How can a 100-year-old insurer transform its business?, asks themselves at Pinnacol Assurance about the new transformative technologies and its implementation in a settled market
Multiple Celent surveys have identified the top barriers to successful innovation / digital transformation. There are multiple innovation models from which to choose — incubators / accelerators, insurtech startup partnership/ownership, hackathons, laboratories / centers of excellence, listening posts, and greenfield startups. Leading firms use multiple approaches. Choosing which are best for a firm is an individual decision which must account for the type of innovation sought (incremental vs. disruptive), the level of opportunity and/or threat, tolerance for risk, and cultural biases.
Given the barriers which insurers identify at in play during transformation, the greenfield approach has particular value, especially for disruptive transformation.

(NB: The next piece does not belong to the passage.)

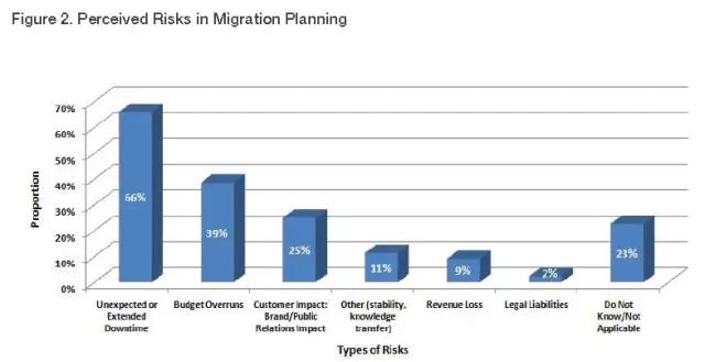 遷移的風(fēng)險(xiǎn),用戶最擔(dān)心的就是非計(jì)劃的停機(jī),第二是遷移的成本超過預(yù)算,第三是對公司品牌和公共形象的影響。

This case study examines Cake, a greenfield startup established by Pinnacol Insurance in 2017. It focuses on the steps its leaders took to motivate the change, how they generated support from their Board of Directors, and how they are preparing to extend what was learned into the wider organization. Their experience illustrates an incumbup model of innovation where an incumbent uses a startup investment to learn the behaviors, incentives, design, and technology necessary to hasten digital transformation and then transfers these learnings into the incumbent organization.
“The incumbup model of innovation blends the strengths of an established company with the agility and speed of a startup. Look to see more of these in the future,” says Mike Fitzgerald, Senior Analyst and author of the report.
“Going forward, it will be interesting to see if the incumbup approach encourages assimilation of innovative techniques into the core business,” he adds.